As we grow older, I think that it’s entirely normal to look back at our younger years with a variety of emotions and to imagine what it might be like to go back in time to change a thing or two.
While some find comfort and stability in a ‘no regrets’ attitude towards their past, I’m afraid I have reached a point where I want an entire decade back. Give me back my twenties because I am fuuuucking fuming about them.
I am quickly realising that there are a plethora of women like me who are navigating late neurodivergent diagnoses and I can imagine that for anyone on the outside looking in, it potentially looks as if we’re overreacting, having one existential crisis after another and that we’re being pretty dramatic about a diagnosis that doesn’t actually change anything.
Look — I get it, kind of.
There’s a lot of noise around how ‘everyone has adhd these days’ and ‘we’re all a little bit autistic’, and I’m not denying that there are plenty of examples where people who are neurotypical also have similar symptoms traditionally associated with neurodiversity, but late diagnosis is a genuine mindfuck, I don’t think I can explain it with better articulation.
The thing is, whether anything in your present life changes or not, it’s impossible not to look back at your life up until diagnosis and recognise all the (now glaringly obvious) red flags, as well as all the ways you’ve been let the fuck down.
It’s so painful and frustrating but, yes, ultimately fruitless because of course you can’t go back in time and force people to treat you different with knowledge they didn’t have yet. I can’t go back and body slam every disinterested doctor who thought I was just a bit shy or dropkick every teacher who said I was lazy or clothesline every boyfriend who thought I just wasn’t trying hard enough.
Alas, this reality hasn’t stop me from thinking about it all. From knowing I’d already lost most of my childhood to fear and anxiety, and that my twenties were spent in total survival mode; trying to make just enough money to live and not let anyone see how utterly batshit crazy I was.

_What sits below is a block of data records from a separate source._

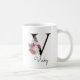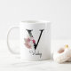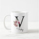 Caneca De Café Monograma Rosa Boho Floral Inicial V
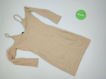 Beżowa sukienka damska z długim rękawem i cienkimi ramiączkami (efekt cold shoulder).
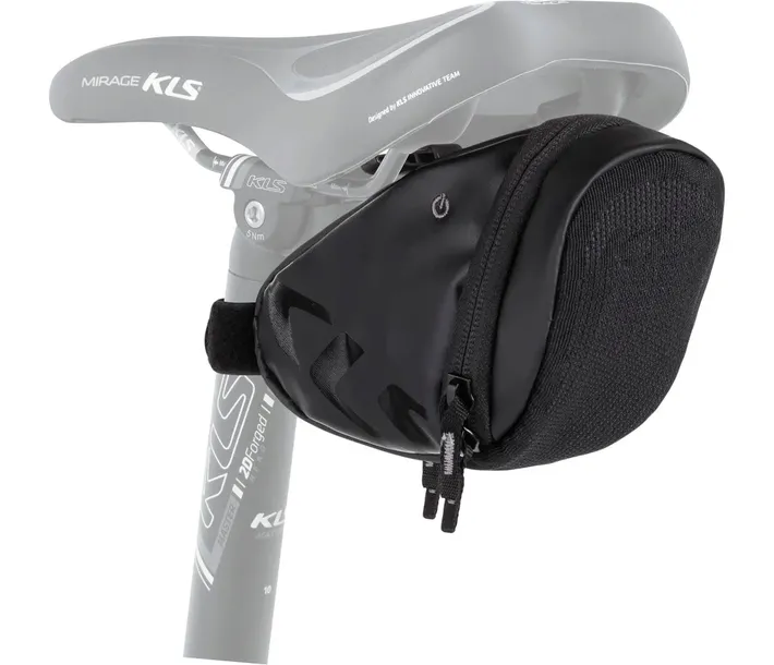 Torba KLS SLOPPER została wykonana z wytrzymałego i wodoodpornego materiału Brezent. Elementy odblaskowe na torbie zwiększają widoczność i bezpieczeństwo rowerzysty. Tylna część torby wykonana jest z lekkich włókien, które są zasilane przez akumulator USB, zapewniając do 4 godzin użytkowania. Torba KLS SLOPPER jest montowana za pomocą opatentowanego uchwytu T, bez konieczności użycia narzędzi.
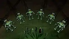![]() Хироши Сато и Уравнители в механических танках окружают Корру, Тензина, Лин Бейфонг и полицию | |||||
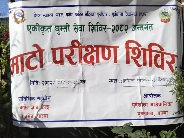 कृषि शाखाबाट ९ जना कृषकको २० वटा माटो परीक्षण गरिएकोमा १–२ वटा नमुनामा हल्का अम्लीयपन देखिएको र कृषि चुन प्रयोग गर्न सल्लाह दिइएको कृषि शाखाका शेरबहादुर बुढा र कृषि प्राविधिक अमृता भट्टराईले बताउनुभयो।
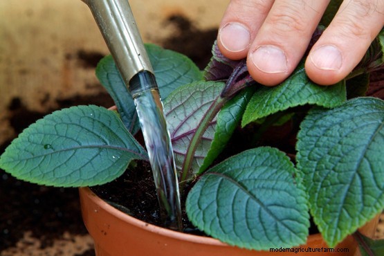 Once a good root system has developed, pot the cuttings in compost. Keep the compost moist and pinch out tips to encourage branching of plants.
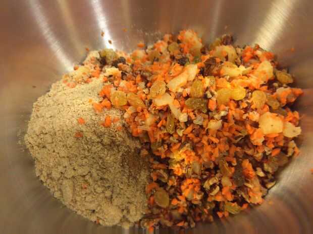 * Añadir, mezclar las zanahorias, piña y las nueces picadas hasta que estén bien mezclados.
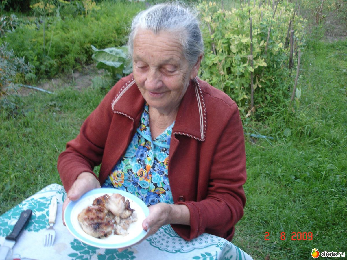 «Любимую бабушку балуем мясиком на углях.»
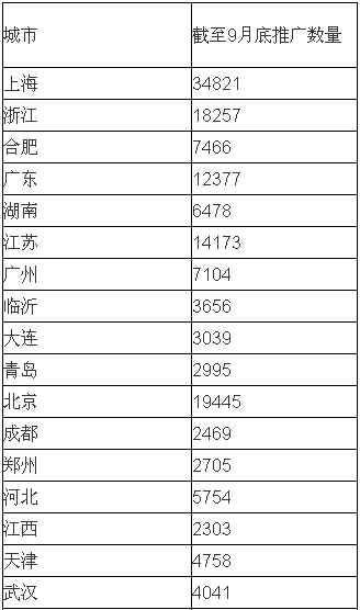 細(xì)分來看,截至9月已有上海、浙江省城市群、合肥、廣東省城市群、湖南省城市群5個(gè)城市(群)完成既定推廣目標(biāo),累計(jì)推廣量達(dá)79399輛,占比39個(gè)推廣城市群總推廣量的44%。僅上海一城市完成推廣量就達(dá)34821輛,占比城市推廣量的19.24%,完成推廣目標(biāo)的近3.5倍;緊隨其后的浙江省城市群完成推廣量為18257輛,超額完成推廣目標(biāo)(10100輛)的80%之多。此外,還有6個(gè)示范推廣城市群推廣完成率超過50%,江蘇省城市群完成率78%,與推廣目標(biāo)相差不足4千輛,廣州完成率71%,相差2896輛,臨沂完成率64%,相差2034輛;青島完成率58%;北京完成率56%。
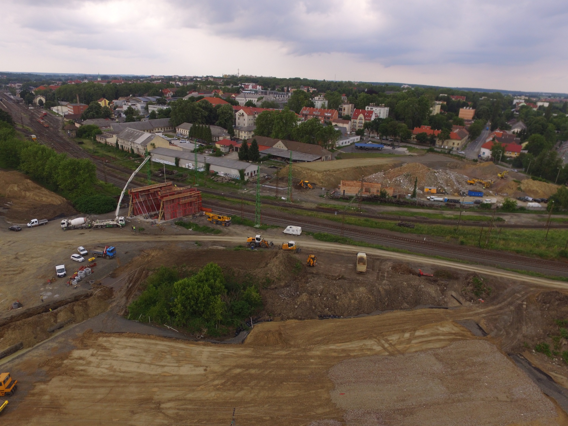 Újabb segédtámasztékok jelzik, hogy Kaposvár új gyalogos-kerékpáros hídja már a vasúti sínek mindkét oldalán épül. Eddig csak a Gilice utca mentén kialakított összeszerelő területre érkeztek Budapestről a több tíztonnás darabok, mostantól viszont a belvárosban is zajlik az összeszerelés és hegesztés, hogy a július közepétől érvénybe lépő vágányzár alatt a kivitelező beemelhesse a hídszerkezetet a sínek fölé. Az új, nyolcméter széles felüljáró szerkezete szeptember elejére már látható lesz.
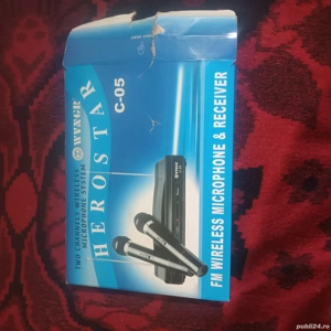 Vând set microfoane wireless WYNGIR Herostar C-05, cu 2 canale, în stare foarte bună, folosit o singură dată. Pachet complet: 2 microfoane wireless Receiver cu 2 antene Cablu audio Cutie originală Ideal pentru: Karaoke Evenimente mici Biserică, școală Prezentări, petreceri Funcționează perfect ...
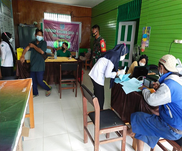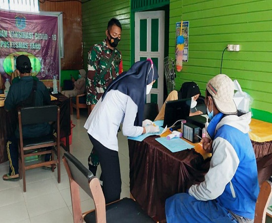 Nabire, Jelang kegiatan pesta olahraga PON (Pekan Olahraga Nasional) XX Papua yang akan dilaksanakan di awal bulan Oktober, Babinsa Koramil 1705-01/Nabire Serka Sigit Aditya memberikan pendampingan dan melaksanakan pengawasan serbuan vaksinasi yang dilaksanakan oleh PKM Yaro Kibisay di Puskesmas Yaro, Distrik Yaro, Kabupaten Nabire, Provinsi Papua, Selasa (28/9/21).

I wanted the whole decade back!
At least I thought I did but the more I’ve been playing out scenarios in my mind of what my twenties would look like if I could do it all again with the knowledge of my AuDHD, the more I realise I’ve just been imagining what it would be like not to have AuDHD at all.
Even in my fantasies I’ve been trying to escape the truth. I don’t think I can actually imagine what it would have been like to live in my twenties as somebody diagnosed because I’m only just trying to figure out how to do that now. Yes, I’d have had more time, perhaps more support, but I am forced to wonder whether I’d have let myself have any of it anyway.
Because, in truth, I am struggling to allow myself any of that now. I’ve made positive changes in the months since my diagnosis, sure. I work less hours, I’m waiting for further support in actually understanding what my AuDHD looks like but I’m not sure I’ve entirely accepted it yet. Not really. Not with any sense of security or compassion.
While I am relieved to now know the cause of my plethora of struggles, whether they fall into trauma or neurodivergence or the horrible mixture of both, it is good to know, but I think I am still rather heartbroken about it.
The more I write, in the raw thoughts of my journal or even as I type these words, the less convinced I am that it is my twenties I want returned to me, a second chance with the knowledge I have now, and more so that I simply want the chance to live without this kind of brain at all.
I think part of the problem is, when you live your whole life feeling completely misunderstood, even by yourself, low self-esteem is hard to avoid and, while I can always work towards a better handle of my C-PTSD, to be told that, actually, there is nothing you can do about the rest of you, that you were born that way, well, that’s a difficult pill to swallow.
It occurs to me that I have little choice but to work towards some kind of acceptance and empathy towards oneself. When I think back to myself in my twenties, that’s exactly what I’d have liked to encourage her to do.
I wish I could sit her down and explain everything, encourage her to prioritise understanding herself, beg her to take better care of herself and steer her firmly away from anyone who’ll make her feel like too much hard work.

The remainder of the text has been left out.